March 2012: Washington calls for Sudan to allow humanitarian aid into Southern Kordofan, with Hollywood star George Clooney accusing Khartoum of crimes against humanity.

August 2012: Sudan and newly independent South Sudan clash in oil-rich border zones.

2013: Washington calls Bashir's request for a US visa to attend the UN "deplorable". Bashir is wanted to face trial at the International Criminal Court on charges of war crimes and genocide in Darfur.

2014: The US condemns atrocities committed by pro-government militias in Darfur, and air strikes on civilians in Blue Nile and Southern Kordofan.

October 2017: The US ends its 20-year-old trade embargo against Sudan, but keeps Khartoum on its terrorism list.

Bashir deposed

April 11, 2019: After four months of street protests, Bashir falls and is arrested by the military.

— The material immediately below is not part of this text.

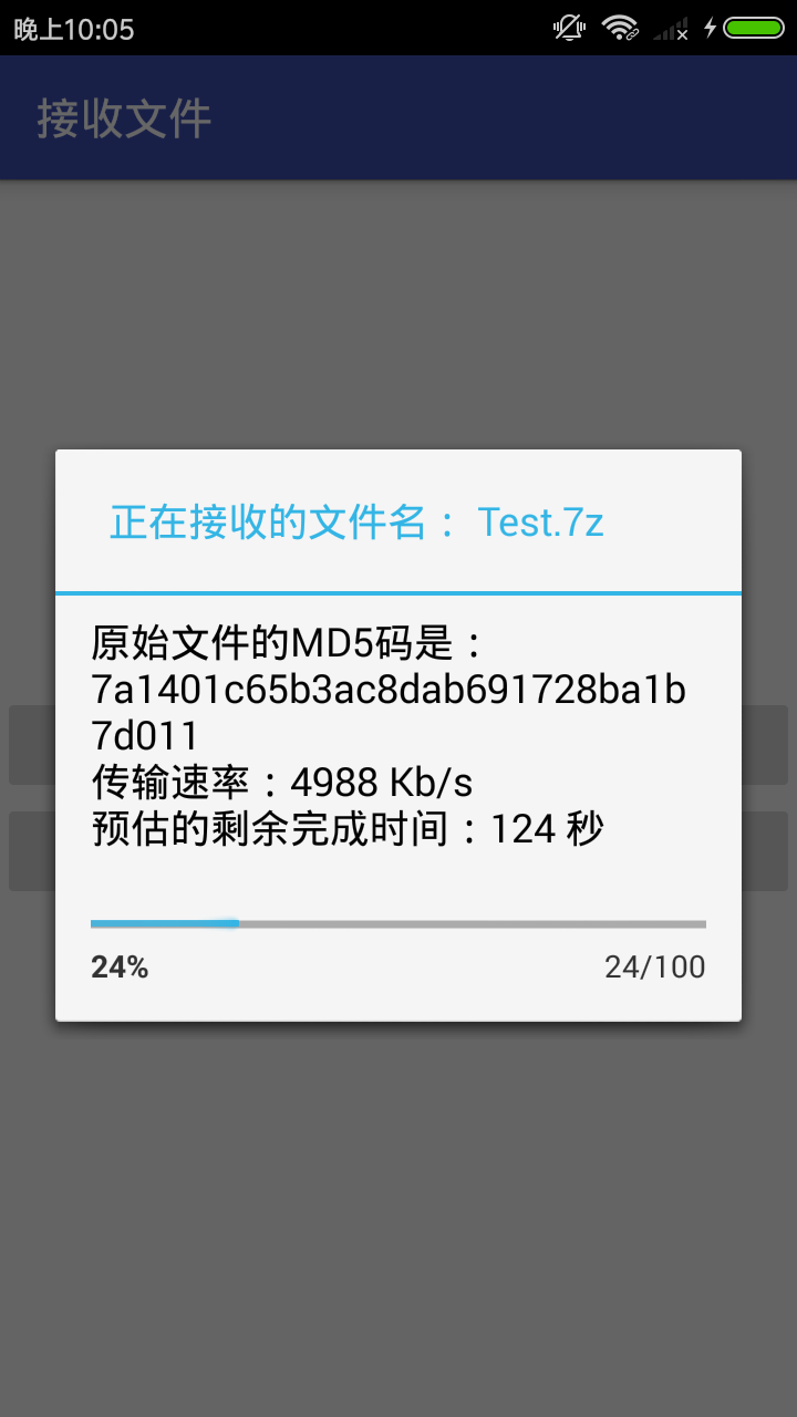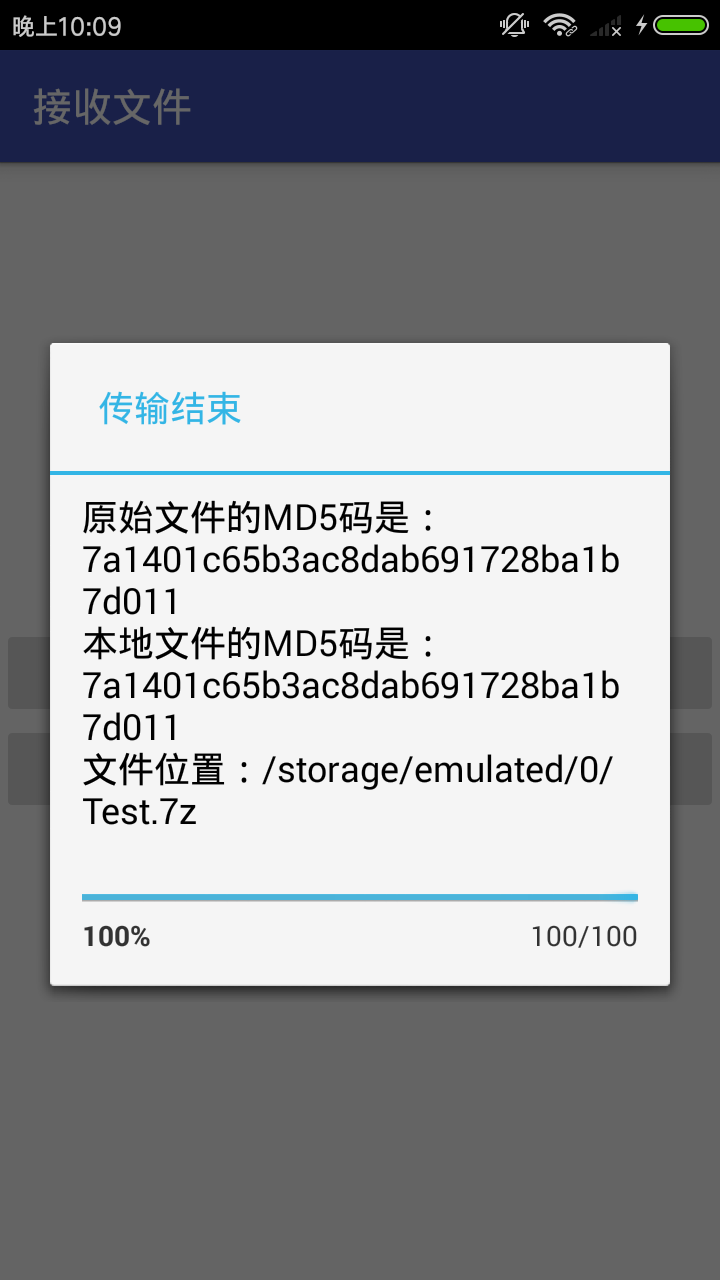 progressDialog.setTitle("传输结束,正在计算本地文件的MD5码以校验文件完整性");
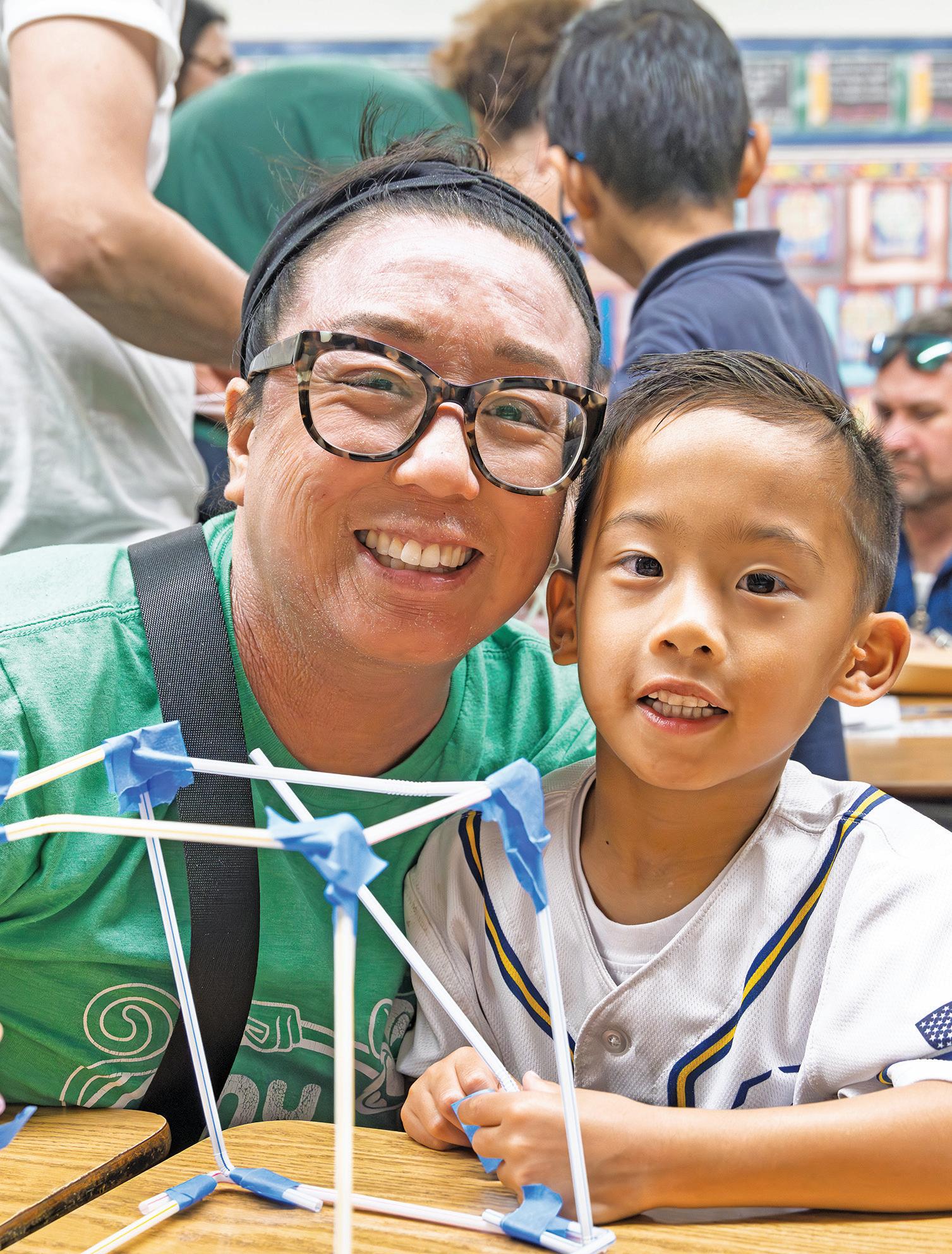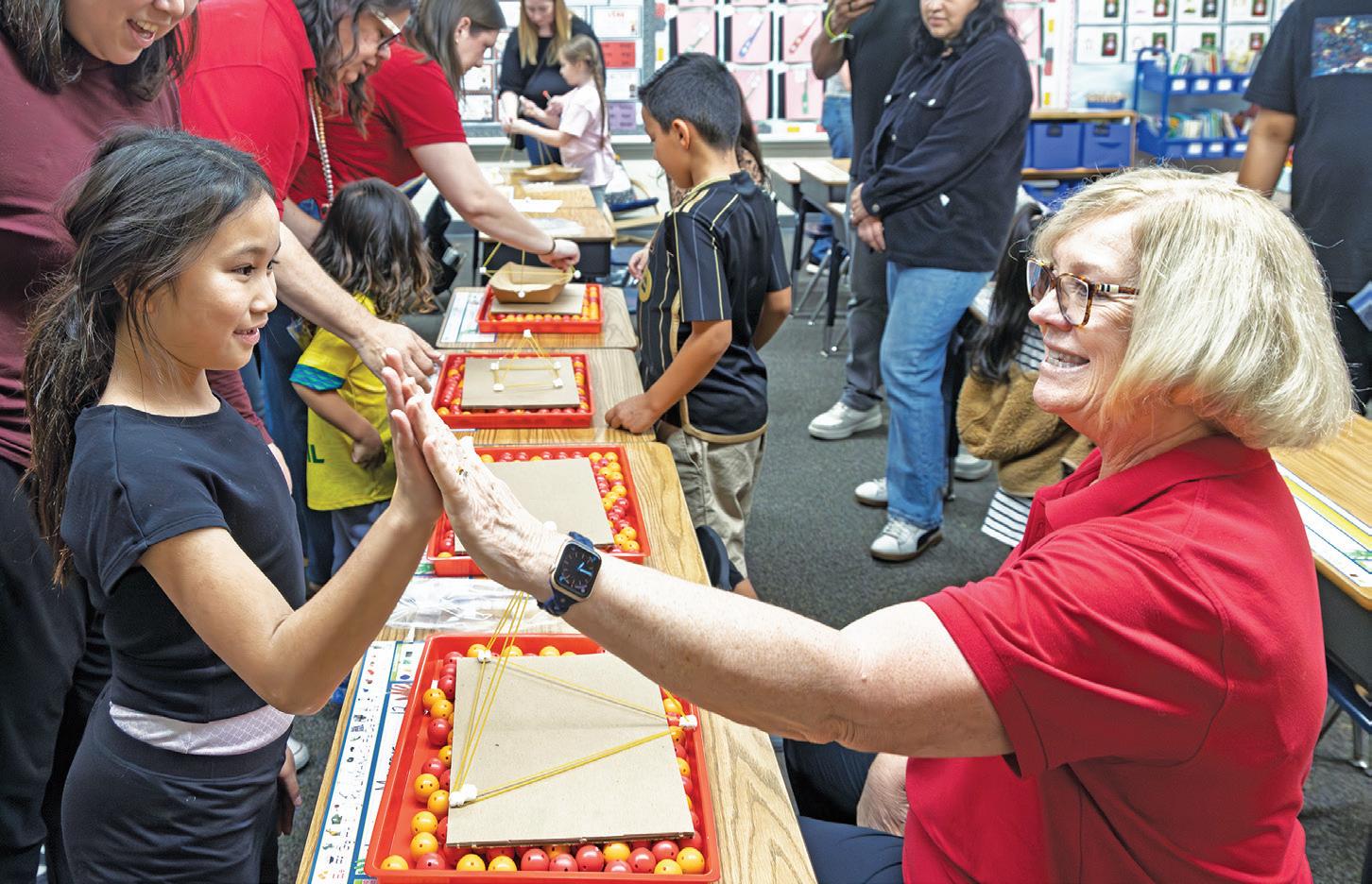 BETH ROJO, A SECOND-GRADE TEACHER, CONGRATULATES A STUDENT ON HER PROJECT DURING STEM NIGHT. PHOTOS BY ALAN WENDELL/DIOCESE OF ORANGE

In December that year US Secretary of State Mike Pompeo says an ambassador will be sent to Khartoum for the first time in 23 years. Sudan is taken off its religious freedom blacklist.

February 2020: Sudan agrees to compensate the families of 17 US sailors killed off Yemen in an Al-Qaeda attack on the USS Cole in 2000.

A similar deal for the relatives of those killed in the 1998 embassy bombings in Nairobi and Dar es Salaam is also in the pipeline, it says.

General Abdel Fattah al-Burhan, who heads Sudan's transitional sovereign council, is invited to Washington. The same month he meets Israeli Prime Minister Benjamin Netanyahu in Uganda.

October 2020: Trump says Sudan is no longer a state sponsor of terrorism as he announces that the country is normalizing relations with Israel.